### Task input
|---|
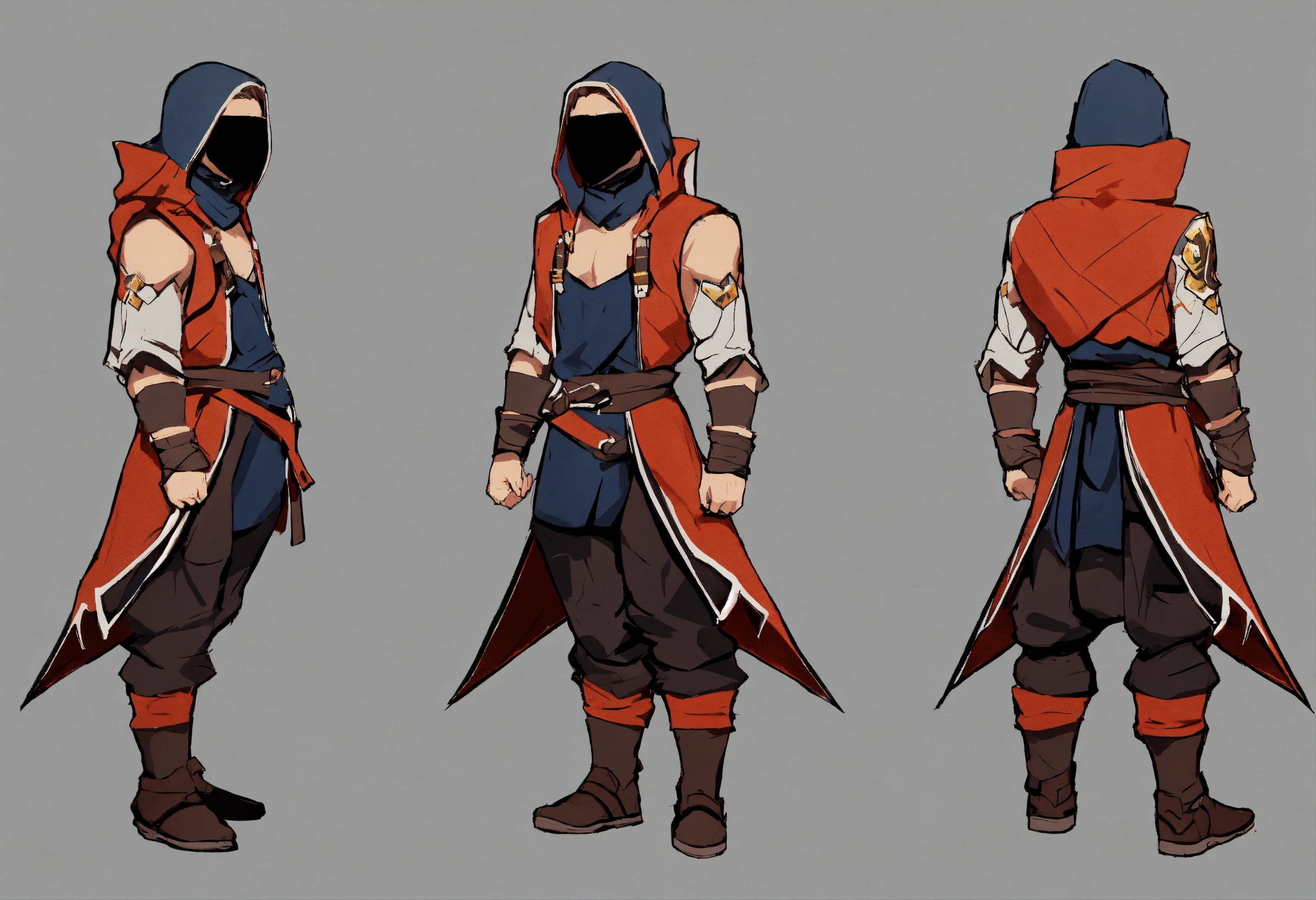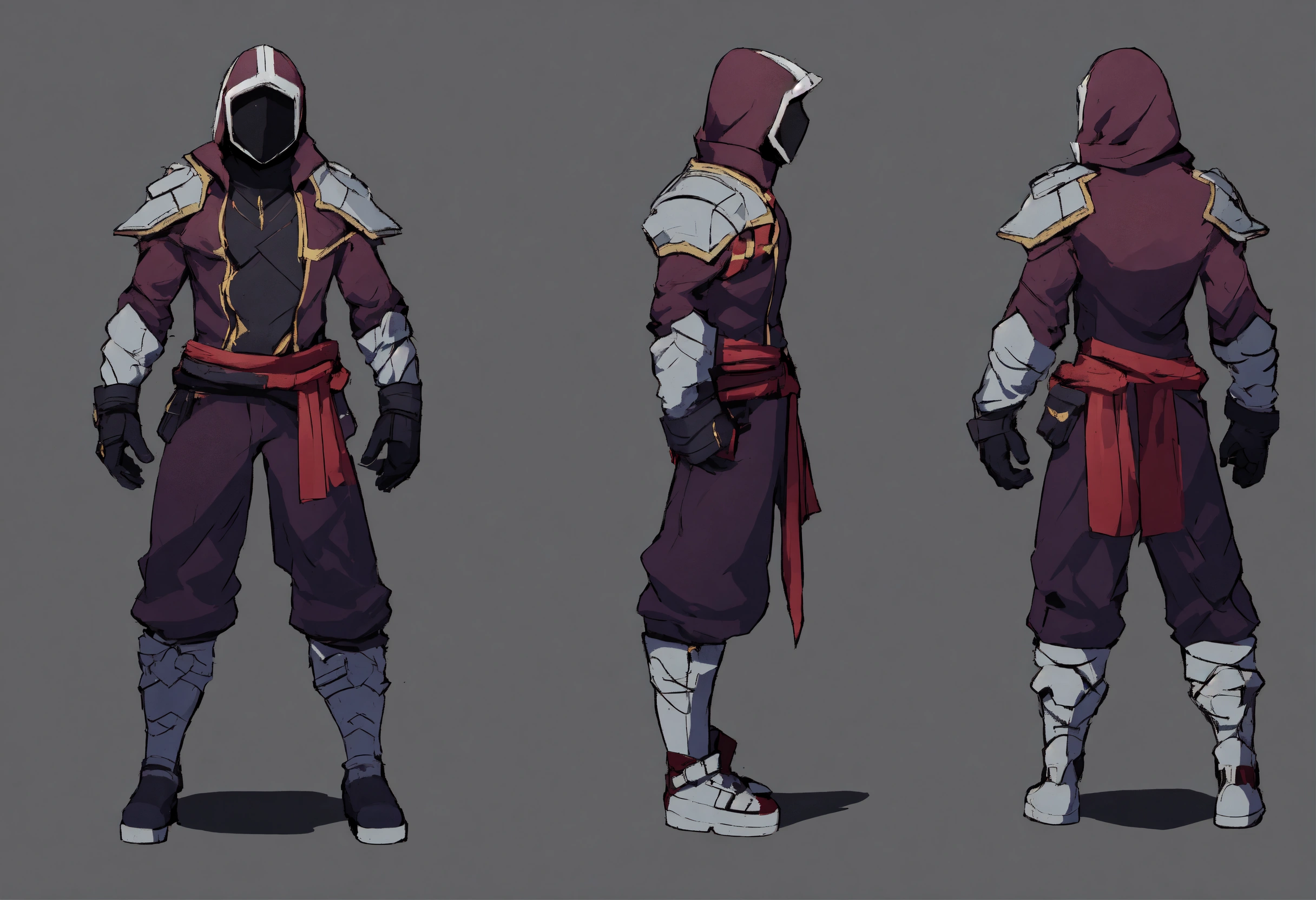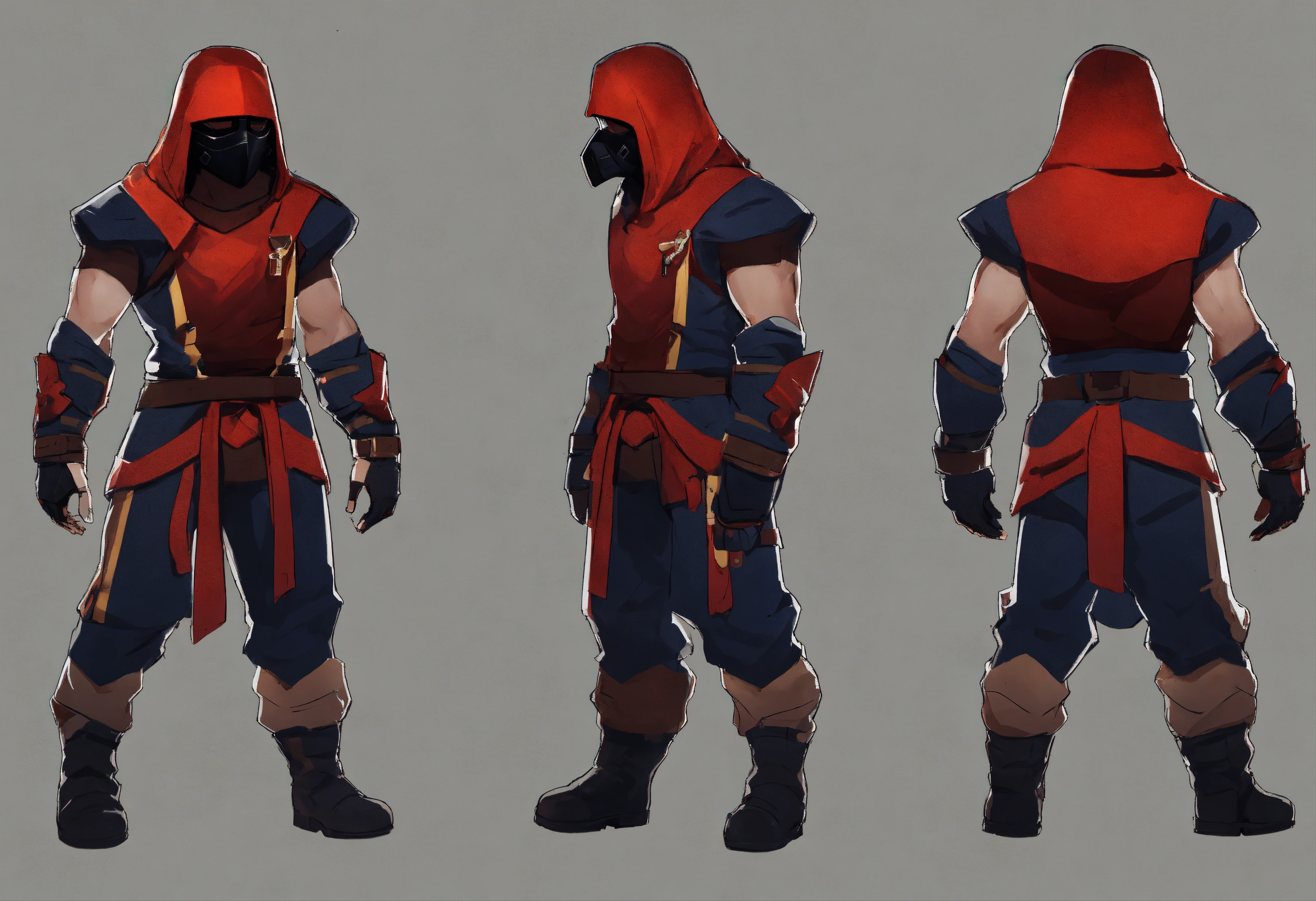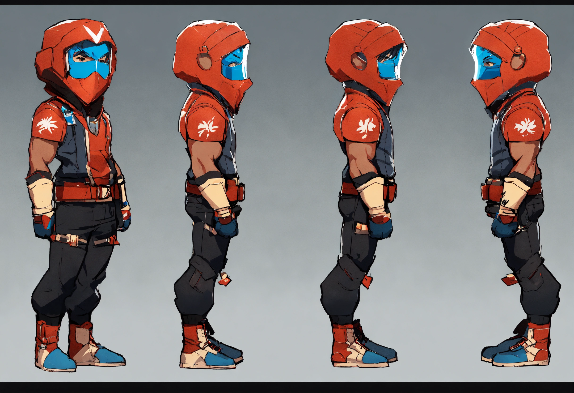 Game art, concept art, masked, guy, fighter, walking, game art, full body view, side view, chibi proportions, blank background
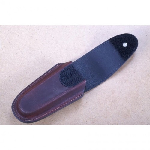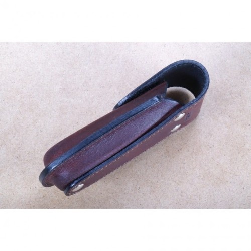 Стильный чехол из прочной коричневой кожи для солдатских складных ножей Victorinox 111 мм., толщиной от 4-х до 6-ти уровней. Чехол имеет петлю для крепления на ремень, застёгивается при помощи липучки.
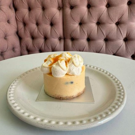 Cheesecake individual de maracuyá, galleta de vainilla, topping de chantilly y maracuyá.
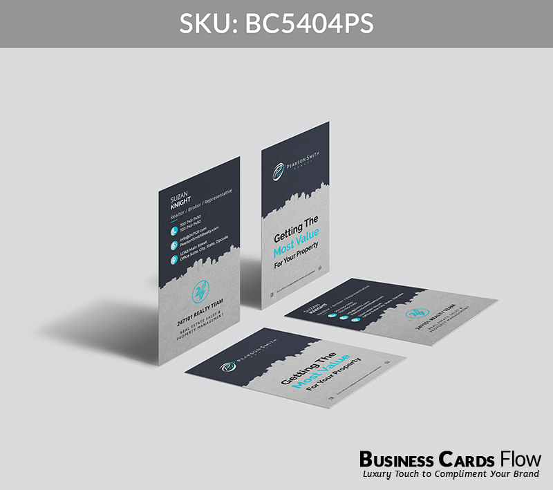 Crafted to reflect the confidence and clarity of Pearson Smith agents, this card design delivers immediate impact with its thoughtfully balanced layout and purposeful presence. Paired with the sophisticated use of Blue and Grey accents, it becomes more than a card—it becomes an extension of your brand’s integrity and refinement.
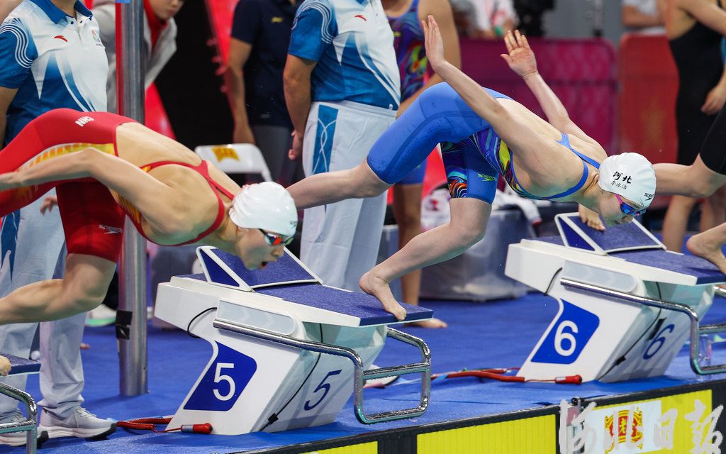 11月10日,河北选手李冰洁(右)在接力赛中。当日,中华人民共和国第十五届运动会游泳比赛在深圳大运中心游泳馆举行。在女子4×100米自由泳接力决赛中,由李冰洁、刘子璇、于子迪、赵静蕾组成的河北队获得铜牌。 河北日报记者 耿辉 摄
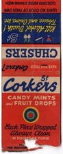 Vintage Matchbook Cover, Corkers Candy Mints And Fruit Drops, 1930's
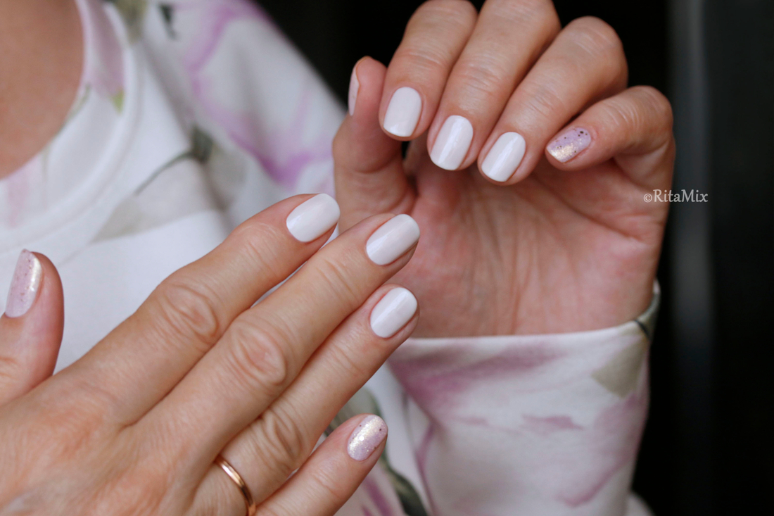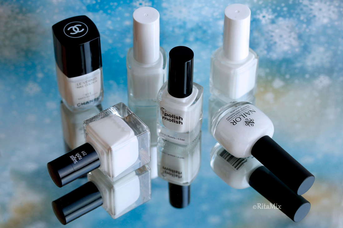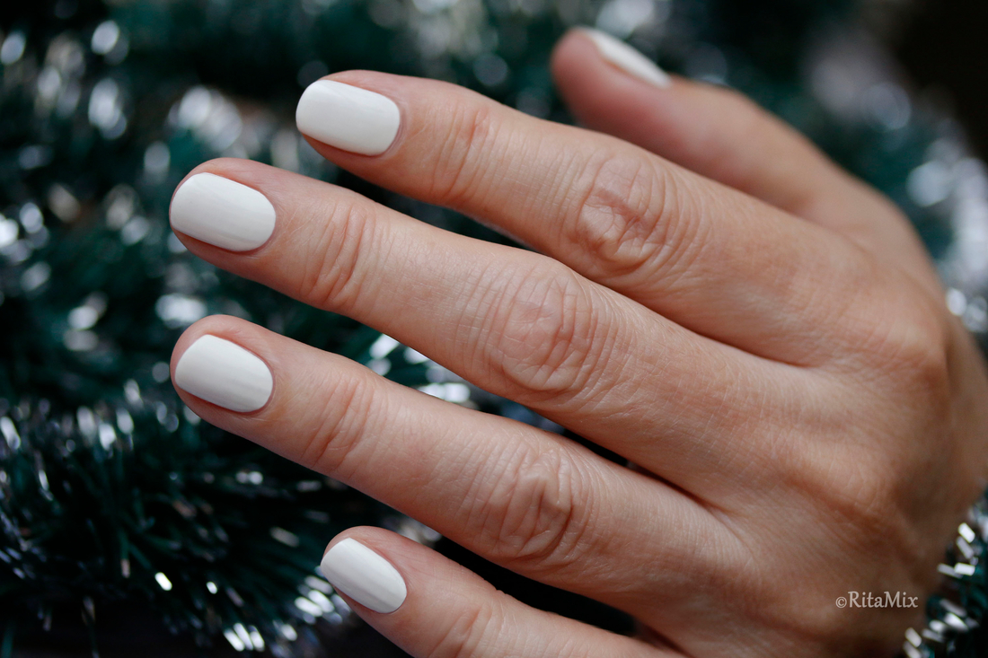 По жизни у меня сложное отношение к белому. Не люблю белые дома, машины, интерьеры, на меня они навевают тоску, но просто обожаю белое в природе, например цветы, искрящийся снег, люблю этот цвет в одежде, аксессуарах и, конечно, приветствую в маникюре. Именно поэтому белых лаков у меня предостаточно.
|---|
### Exercise prompt
The line with "Crafted to reflect" marks the end: restate word for word every line from the top of the data through that one, omitting pictures.

### Worked solution
 Game art, concept art, masked, guy, fighter, walking, game art, full body view, side view, chibi proportions, blank background
 Стильный чехол из прочной коричневой кожи для солдатских складных ножей Victorinox 111 мм., толщиной от 4-х до 6-ти уровней. Чехол имеет петлю для крепления на ремень, застёгивается при помощи липучки.
 Cheesecake individual de maracuyá, galleta de vainilla, topping de chantilly y maracuyá.
 Crafted to reflect the confidence and clarity of Pearson Smith agents, this card design delivers immediate impact with its thoughtfully balanced layout and purposeful presence. Paired with the sophisticated use of Blue and Grey accents, it becomes more than a card—it becomes an extension of your brand’s integrity and refinement.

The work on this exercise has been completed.